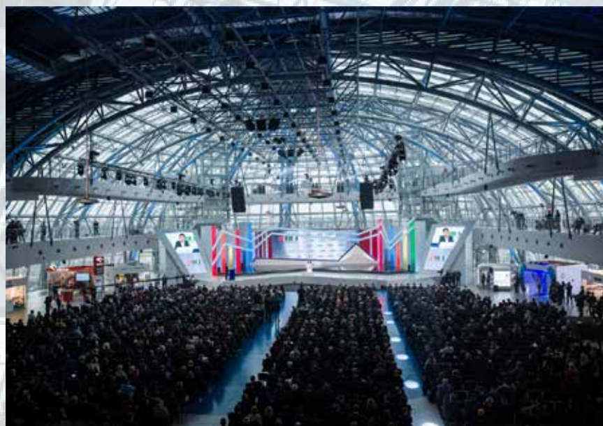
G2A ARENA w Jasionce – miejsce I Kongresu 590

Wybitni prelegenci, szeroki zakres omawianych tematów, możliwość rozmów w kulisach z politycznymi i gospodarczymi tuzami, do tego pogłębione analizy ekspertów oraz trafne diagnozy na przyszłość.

◆ ◆ ◆ ◆

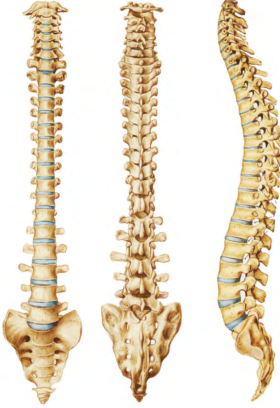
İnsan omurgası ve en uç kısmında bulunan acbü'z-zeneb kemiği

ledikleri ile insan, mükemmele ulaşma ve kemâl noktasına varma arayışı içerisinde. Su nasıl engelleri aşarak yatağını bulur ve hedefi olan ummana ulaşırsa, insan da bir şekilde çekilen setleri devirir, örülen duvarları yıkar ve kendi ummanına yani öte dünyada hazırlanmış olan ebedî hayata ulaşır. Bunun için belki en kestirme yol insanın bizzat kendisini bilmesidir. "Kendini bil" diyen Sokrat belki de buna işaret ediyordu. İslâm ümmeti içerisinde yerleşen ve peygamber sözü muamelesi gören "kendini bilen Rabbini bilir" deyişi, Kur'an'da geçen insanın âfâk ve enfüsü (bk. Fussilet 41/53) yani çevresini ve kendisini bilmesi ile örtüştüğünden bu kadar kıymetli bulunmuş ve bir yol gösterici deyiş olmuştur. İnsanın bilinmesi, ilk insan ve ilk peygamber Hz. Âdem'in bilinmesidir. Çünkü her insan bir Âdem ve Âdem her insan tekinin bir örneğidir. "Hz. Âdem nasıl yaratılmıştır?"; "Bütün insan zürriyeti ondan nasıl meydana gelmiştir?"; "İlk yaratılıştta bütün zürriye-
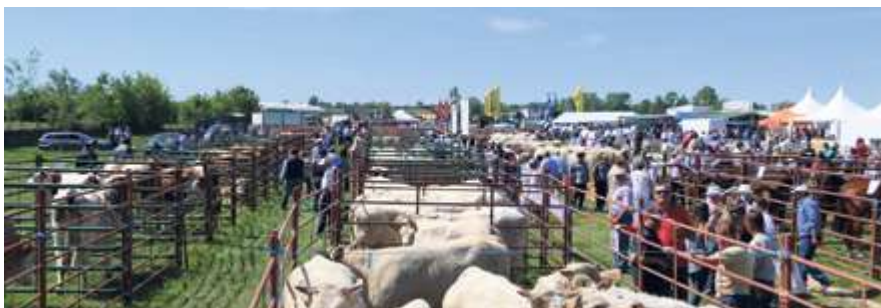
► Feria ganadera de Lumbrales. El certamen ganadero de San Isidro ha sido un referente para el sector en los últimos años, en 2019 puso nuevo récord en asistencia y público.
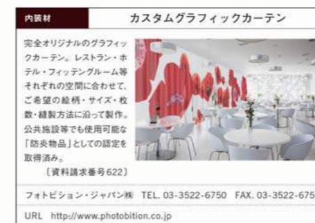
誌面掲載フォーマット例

◆ ◆ ◆ ◆

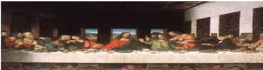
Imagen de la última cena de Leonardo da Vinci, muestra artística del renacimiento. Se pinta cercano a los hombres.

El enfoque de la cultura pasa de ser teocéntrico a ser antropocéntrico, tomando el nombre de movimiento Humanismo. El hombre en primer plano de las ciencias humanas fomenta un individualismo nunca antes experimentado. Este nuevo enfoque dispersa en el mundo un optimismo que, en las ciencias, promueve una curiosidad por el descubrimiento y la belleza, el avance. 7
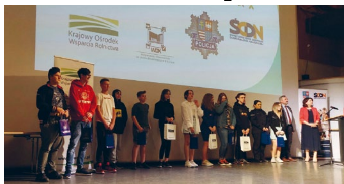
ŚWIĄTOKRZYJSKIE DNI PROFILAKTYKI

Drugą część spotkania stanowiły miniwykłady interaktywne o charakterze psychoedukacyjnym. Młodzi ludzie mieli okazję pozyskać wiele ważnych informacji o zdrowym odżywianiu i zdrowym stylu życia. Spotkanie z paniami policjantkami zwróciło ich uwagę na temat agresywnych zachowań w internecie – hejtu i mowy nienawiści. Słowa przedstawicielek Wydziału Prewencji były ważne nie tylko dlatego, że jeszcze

◆ ◆ ◆ ◆

Only lines with the word "nuevo" are needed. Copy them from the preceding records.

► Feria ganadera de Lumbrales. El certamen ganadero de San Isidro ha sido un referente para el sector en los últimos años, en 2019 puso nuevo récord en asistencia y público.
El enfoque de la cultura pasa de ser teocéntrico a ser antropocéntrico, tomando el nombre de movimiento Humanismo. El hombre en primer plano de las ciencias humanas fomenta un individualismo nunca antes experimentado. Este nuevo enfoque dispersa en el mundo un optimismo que, en las ciencias, promueve una curiosidad por el descubrimiento y la belleza, el avance. 7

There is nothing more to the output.